Even before the leaderboard took shape this past weekend, the 2025 PGA Championship served as a reminder that it’s been one year since Scottie Scheffler was arrested while attempting to enter last year’s event.
And after Scheffler cruised to a five-stroke victory to earn the third major championship of his career, Nike was ready to celebrate accordingly.
In an ad released just shortly after the 28-year-old’s tournament-clinching final round on Sunday, the Portland-based apparel and shoe giant poked fun at last year’s legal troubles. “Best player in the world? Guilty,” the ad reads, with a Nike swoosh sandwiched between the writing and an image of Scheffler holding his follow-through after a drive.
“The verdict is in,” Nike’s official X account captioned a post sharing the ad. “World No. 1 Scottie Scheffler is the PGA Champion.”
Scheffler’s victory on Sunday provided a storybook-like ending to a weekend full of reminders regarding one of the stranger sports stories in recent memory.
On Friday, Jeff Darlington and Scheffler reflected on the arrest, which the ESPN reporter broke the news of while on-site outside of the Valhalla Golf Club in Louisville, Kentucky.
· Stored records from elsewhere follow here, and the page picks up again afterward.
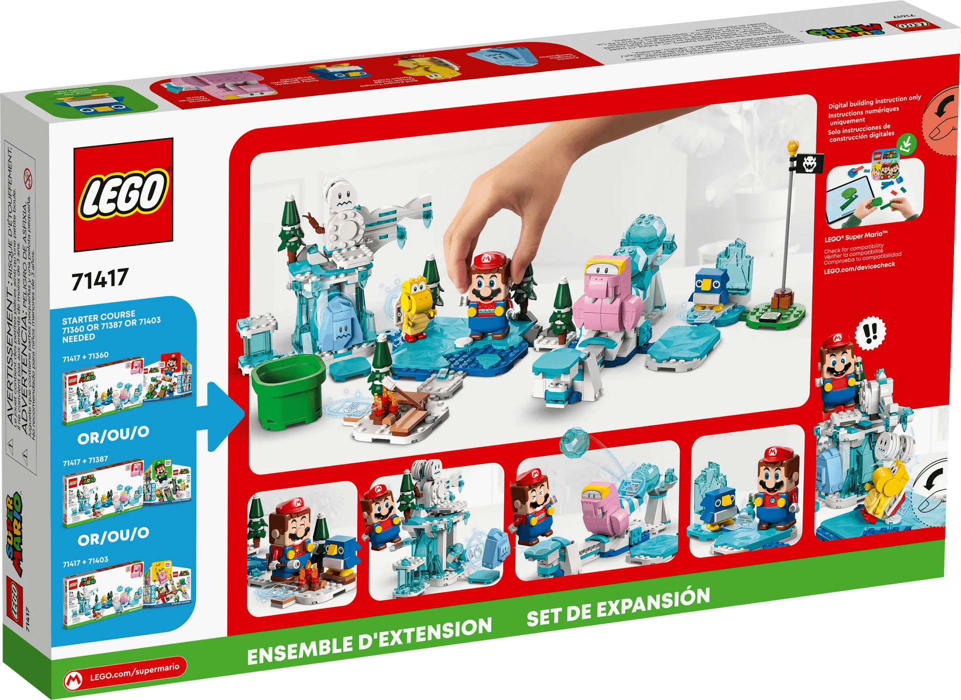- Buildable Fliprus Snow Adventure Expansion Set (71417) – Children can create an action-packed ice level for digital coin-collecting and role-play fun with this LEGO® Super Mario™ Expansion Set
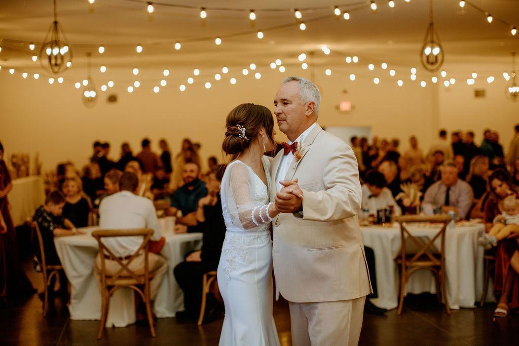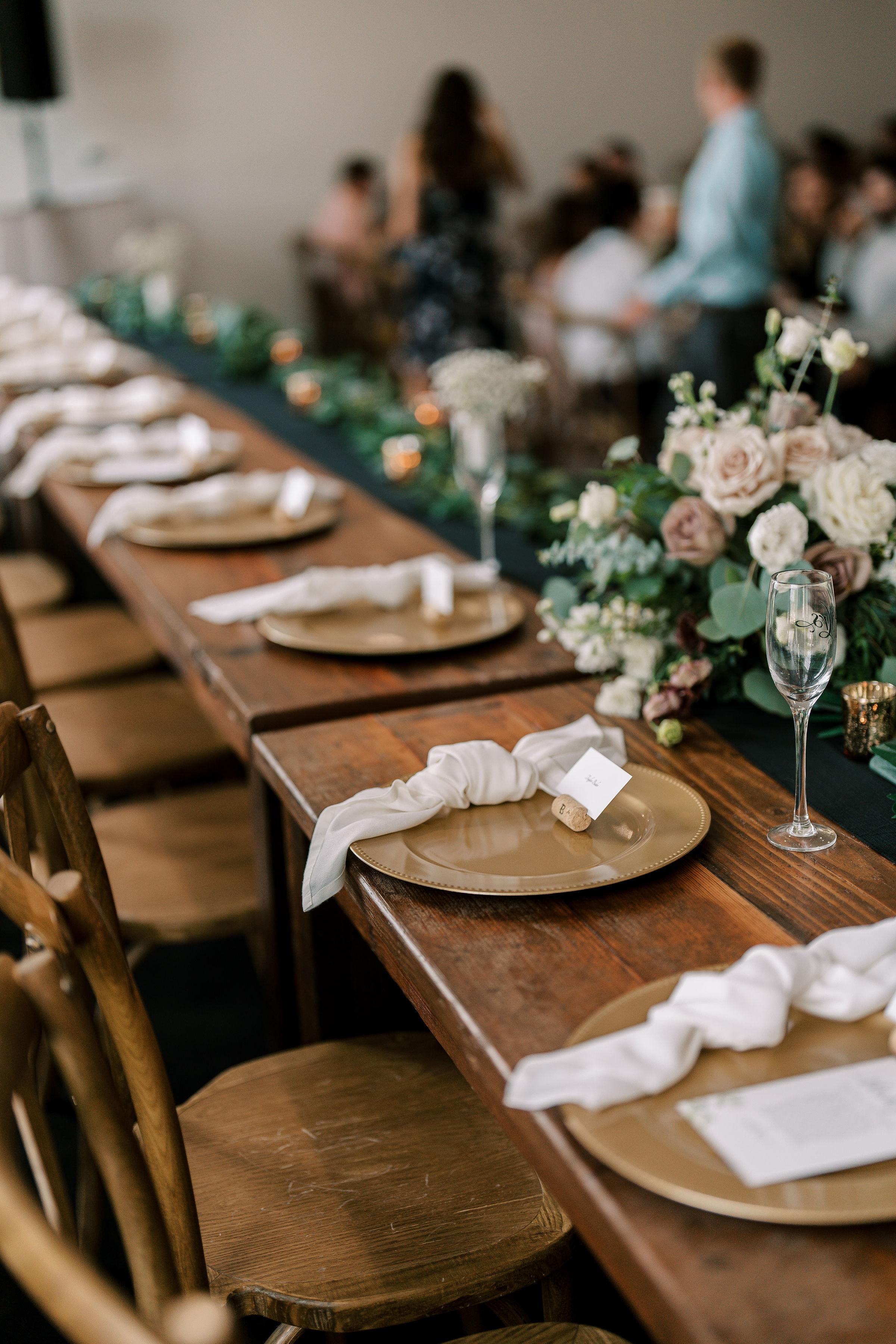 Harvest tables & wooden cross-back chairs, professional bartenders, bistro lighting, catering kitchen, bridal suites, dimmers for light customization, and post event cleaning.
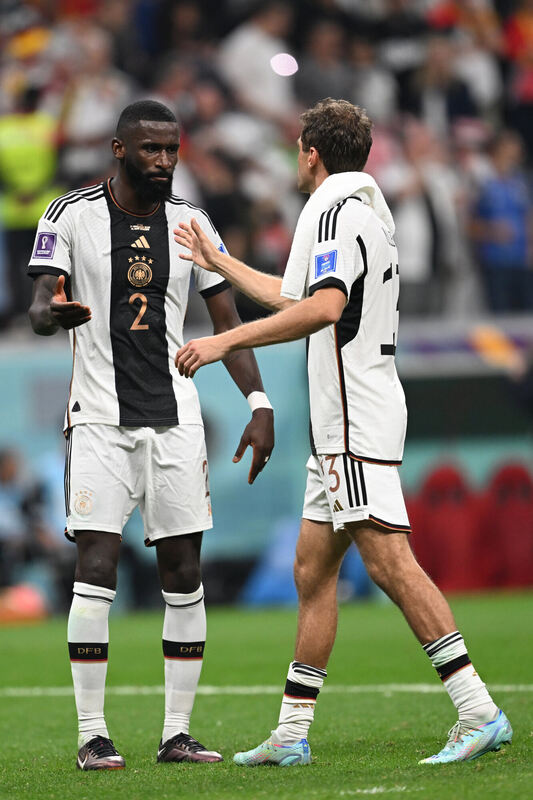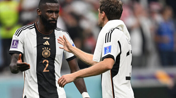 Deutschlands Thomas Müller (r) und Antonio Rüdiger klatschen nach dem Spiel ab.
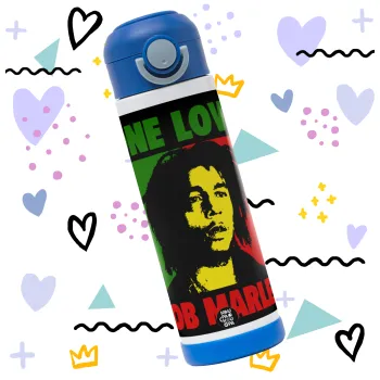 Bob marley, one love, Children's hot water bottle, stainless steel, with safety straw, BLUE (500ml)
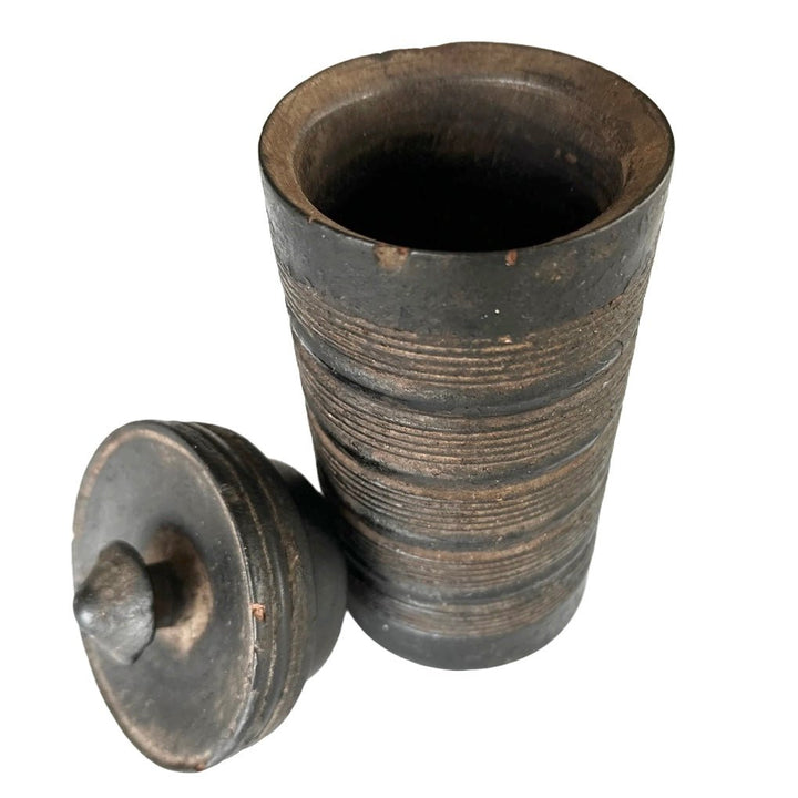 Vecchio vaso di ghee in legno realizzato a mano, probabilmente della tribù Hunza. Il ghee è un burro chiarificato originario dell'antica India ed è comunemente usato nella cucina araba e dell'Asia meridionale, nella medicina tradizionale e nei rituali religiosi. Il Ghee si ottiene facendo bollire il burro ottenuto dalla panna ed eliminando i residui liquidi. La consistenza, il colore e il gusto del burro chiarificato dipendono dalla qualità del burro, dalla provenienza del latte utilizzato e dalla durata della cottura. Lo scopo del burro chiarificato è quello di chiarire il burro in modo che non si rovini. Nella cultura indù, la mucca è sacra e il burro è l'unico grasso animale mangiato dagli indù.
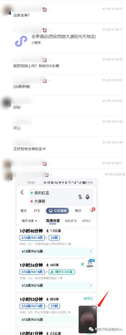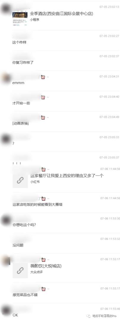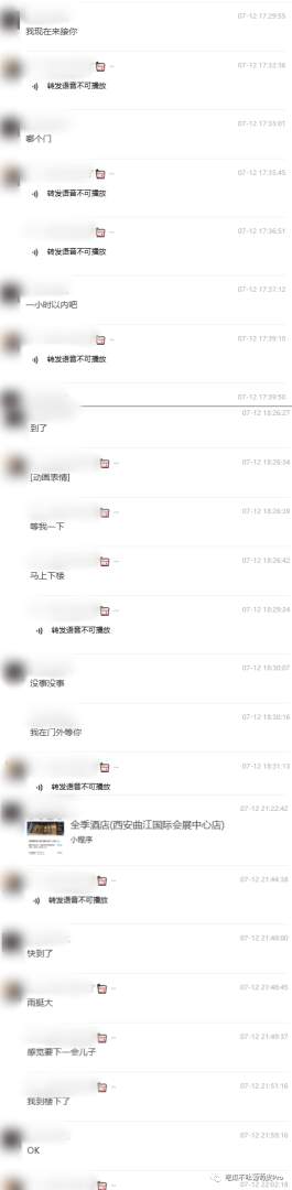 2023年7月12日丁与男2号的聊天记录,两个人在西安见面,男2号来接她,当晚两人在外吃饭并住在曲江的全季酒店
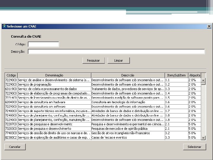 Códigos Tributários • Download dos Códigos ▫ URL base �http: //adm 2. pmf. sc. gov. br/sefinnet/lista_csv. dados. php ▫ Parâmetros �doc = identificador da tabela �tipo = (0 – hash MD 5 ou 1 – conteúdo) • Tabela CNAE ▫ ? doc=cnae&tipo=0 • Tabela CFPS ▫ ? doc=cfps&tipo=0 • Tabela CST ▫ ? doc=cst&tipo=0
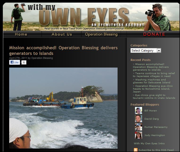 Check out this gutsy, effective blog.  With My Own Eyes is a firsthand, photo-journalism account offering users the opportunity to see some of the most devastated, disaster-ravaged and previously inaccessible places in the world, as well as a look at Operation Blessing’s efforts to help people that live there.
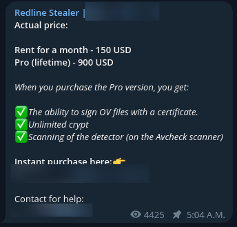 Not every cybercriminal has the coding expertise to build their own malware, and for some, it’s more cost-effective to simply buy it. Some Telegram groups and channels act as a marketplace for malware code. Many channels specialize in selling specific variants of malware, such as infostealers and ransomware. Threat actors develop the code, sell it to other criminals, and it is then used in an attack against individuals or organizations.
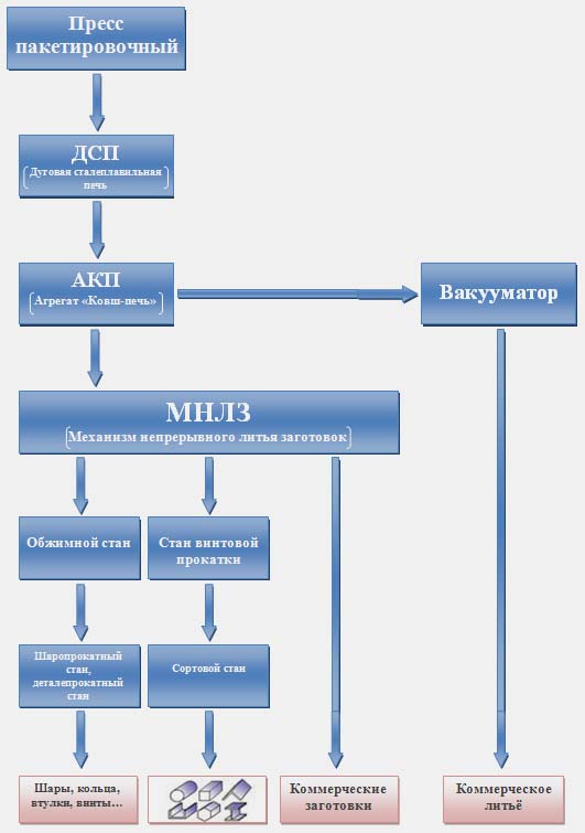 В силу модульности как технологического процесса, так и оборудования для него предназначенного можно предложить поэтапную схему создания минизавода производящего мелкосортную продукцию (см. риунок).
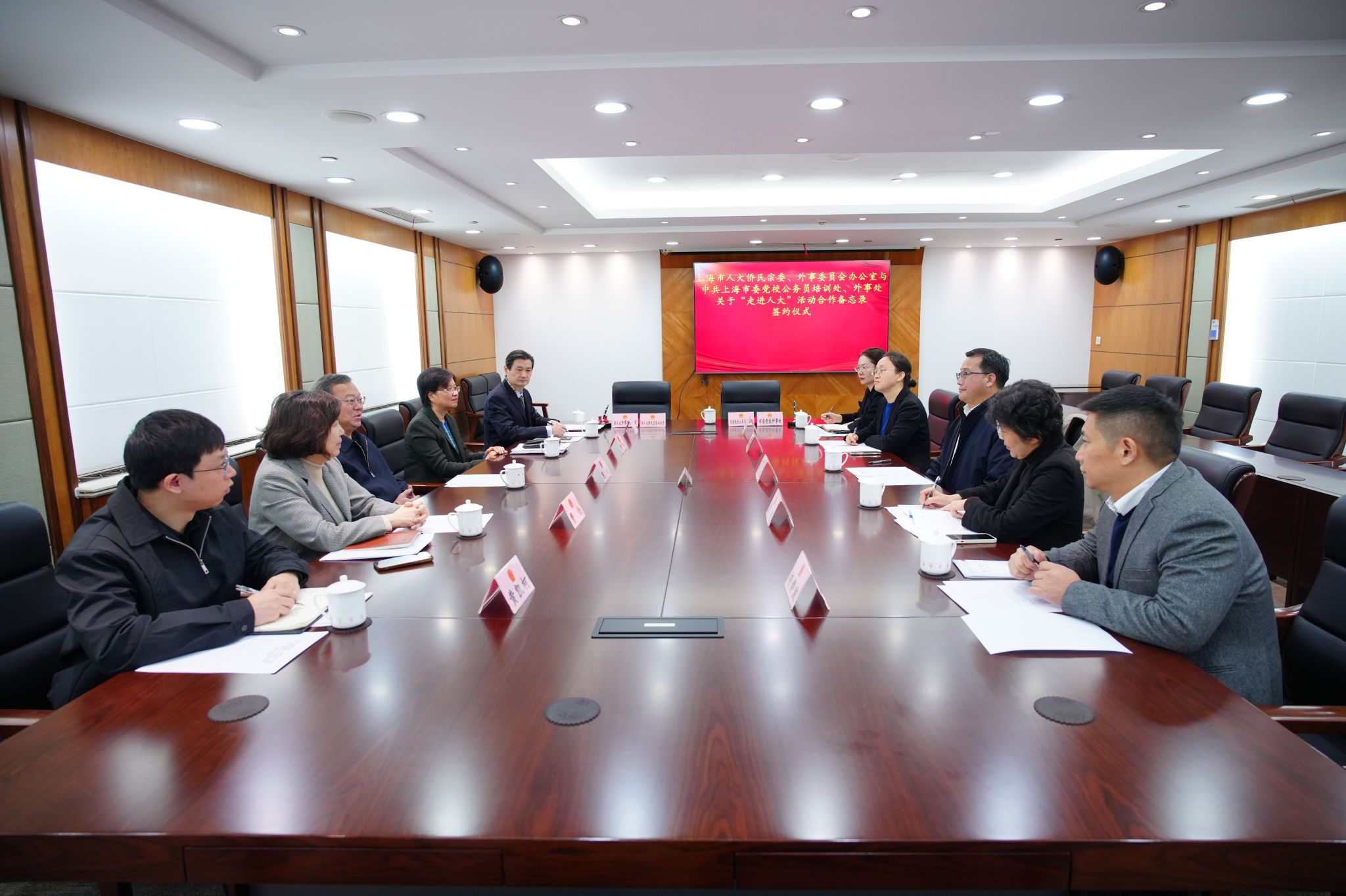 12月13日上午,上海市人大侨民宗委、外事委办公室与市委党校公务员培训处、外事处举行“走进人大”活动合作备忘录签约仪式。市人大外事委主任委员黄红、市委党校副校长王永杰见证合作备忘录签署。市人大外事委副主任委员费俭主持签约活动。市委党校公务员培训处和外事处负责人出席活动。
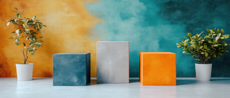 Bold color blocks create a vibrant and textured backdrop for modern decor
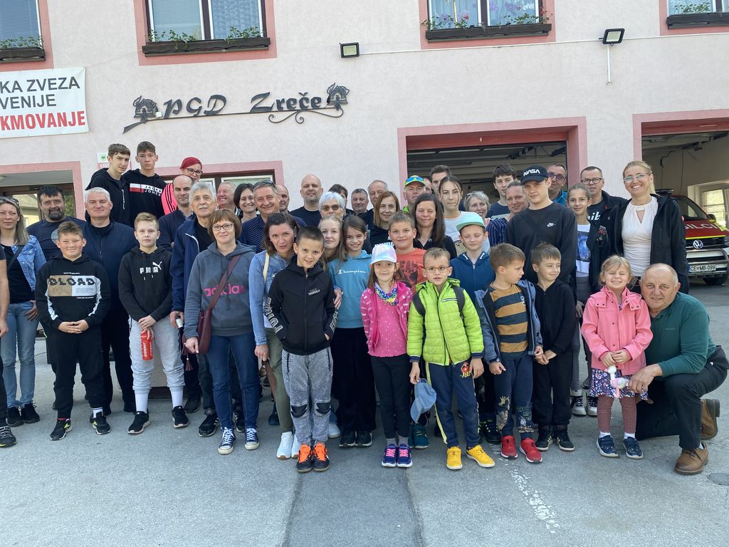 Prva postaja – Gasilski dom Zreče. Velikodušni gasilci gasilskega društva Zreče so nas pričakali z nasmehom na obrazu, čeprav so se nekaj minut pred našim prihodom vrnili iz intervencije na avtocesti. Gasilska vozila in oprema se je pripravljala in nalagala za naslednje klice na pomoč. Njihova gasilska skupina je namreč okrožna in skrbi tudi za intervencije na avtocesti. Komandir nam je pokazal njihov gasilski dom, ki pa skoraj z vsakim letom pridobi kakšen kvadratni meter dodatnega prostora. Ob gasilskem domu se dviga visok stolp, v okolici pa poligon za vaje. Ko stopiš v dom, se ti oči kar ne morejo navaditi bleska pokalov. V vsaki sobi in polici lahko občutiš njihovo prizadevanje in dosežke. Komandir se pohvali tudi s tem, da jim pomladka ne manjka in da so imeli v prejšnjem tednu na tekmovanju kar 15 tekmovalnih ekip in skoraj polovica jih je bila na prvem mestu. Gasilski avto, čoln in ostala vozila so bila najbolj všeč našim otrokom, ki so se kar podali v raziskovanje in delanje selfijev.
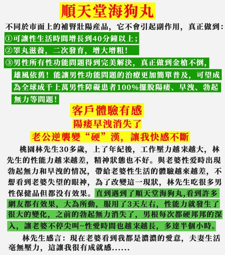 10-25台灣順天堂海狗丸官方正品,【大】男人的秘密武器,純中藥調理不傷身,可滋養睪丸二次發育,增大增粗 !完美解決所有性功能障礙,事前一粒輕鬆“硬”對自如,藥勁猛烈幹她一夜搞到她求饒! - ①療程2瓶 僅需NT$:960 【勃起延時】

The two-time Masters champion was charged with second-degree assault of a police officer, a class-C felony, and three misdemeanors after allegedly failing to abide by an officer’s directions following an unrelated fatal accident that had occurred near the course.
“One thing that I specifically remember was you trying to approach the police officers and say something like, ‘hey, you know, I don’t know what’s going on, but something ain’t right. Like, this is Scottie, he’s playing in the golf tournament,’” Scheffler told Darlington in the segment. “And you can just hear the tone of their voice that it went from just normal pulling into the golf course to a situation that was very serious for whatever reason it was.”
The charges against Scheffler were ultimately dropped less than two weeks later, with all involved agreeing that it was a big misunderstanding. Still, it very much remains an unlikely part of the No. 1 golfer’s lore, especially when it comes to his annual participation in the PGA Championship.